Also think about how long you intend to stay in your apartment. I haven't lived in an apartment in a long time but I remember that I never thought of it as a long term arrangement. Moving a very large aquarium, especially once it is populated with all of those fish and plants that you have spent so much time and money on, would be a real bear and even more challenging if there is any distance involved. Just a thought.
Beasts


----------



## hoppycalif (Apr 7, 2005)

Way back when I was living in apartments, I had a very rough time convincing landlords that even a 40 gallon tank wasn't a disaster in waiting. I can guarantee that no landlord renting an apartment above the ground floor would even consider renting to you if you mention a 200 gallon tank. And, that is a good landlord decision. The consequences of all of that weight and the possibility of dumping that much water on the floor mean it can't be done on upper floors. Now, a ground floor or basement floor, made of concrete, is another matter entirely. 

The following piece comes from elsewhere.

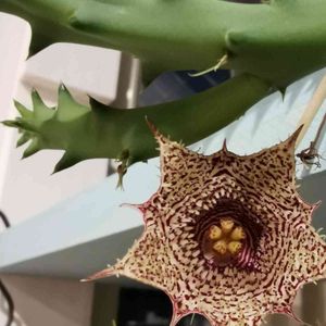急にきた豪雨で慌てて室内へ入れたら いつのまにか咲いてたーー🌼🥴 キミもホッ😮💨としてくれたのかな? あれ?でもケニエンシスではない😳 『あなたの名前は?』 『ヒストリクスだす』 うわー‼️タグ間違ってたよ😅 はじめましてフェルニアヒストリクスさん あんまり臭くないね😶🌫️

Before even attempting a 100 gallon or more tank I would make sure I could install at least a semi-automatic water change system, so no buckets or hoses were involved in changing water. And, don't forget, whereever a 100 gallon or bigger tank is first placed is most likely exactly where it will remain. You cannot move such a tank by yourself, and shouldn't even think of it unless you remove all of the contents first. Smaller tanks are not much of a problem to move a bit to level them, get them closer to or farther from the wall. Then, there is the tank stand. Those get very heavy very fast too, when you go above 100 gallons or so. You again need to put it in exactly the right location the first time - or have several big friends to help on a moments notice.

But, I really loved my 120 gallon tank when I had it. There is great satisfaction to using that size tank - you can almost always add more fish if you like, your plant choices are almost unlimited, and they are very impressive.


----------



## Cassie (May 27, 2006)

as I said above, it will definitely be a bottom level apartment, and I'm likely going to be there for a while. It'll be a LONG TIME before I'll be able to afford a house here in SoCal, if ever, and I don't have plans to leave the area, so my intention is to pick an apartment with long-term in mind. 

I should probably read up on auto or semi-auto water changes, to see how easy/hard that will be to set up. This is exactly why I'm asking these questions now...since I have nearly a full year to figure things out and decide on what I really want and what is actually practical


----------



## Burks (May 25, 2006)

Not sure how old your apartment complex will be but make sure the electrical system can handle all that equipment. My apartment building still uses those old "screw-in" fuses. When I get my 40g set up I have to take down at least two tanks because if I don't I may just have way too much going through a tiny fuse (10A I think).


----------



## BryceM (Nov 6, 2005)

Cassie said:


> Guaiac, can you explain your set up for water changes? I was thinking of possibly going with a continuious water change set-up, but I'm not sure how much I'll be able to do that, with living in an apartment. As for structural/curcuit stuff, that's stuff I plan on going in asking when I start looking for an apartment.
> 
> In regards to evenly distributing CO2 throughout the tank, would you recommend actually getting two systems and having one on each side, vs just putting the diffuser in the middle of the tank?
> 
> as for the weight of the tank (empty, I know when it's full it'll be irrelevant), I was thinking about possibly going with acrylic. Any comments/suggestions on that? I know it scratches easily, but it'll also be easier to move in...


Cassie,

You can see what I did for my 180g in this journal.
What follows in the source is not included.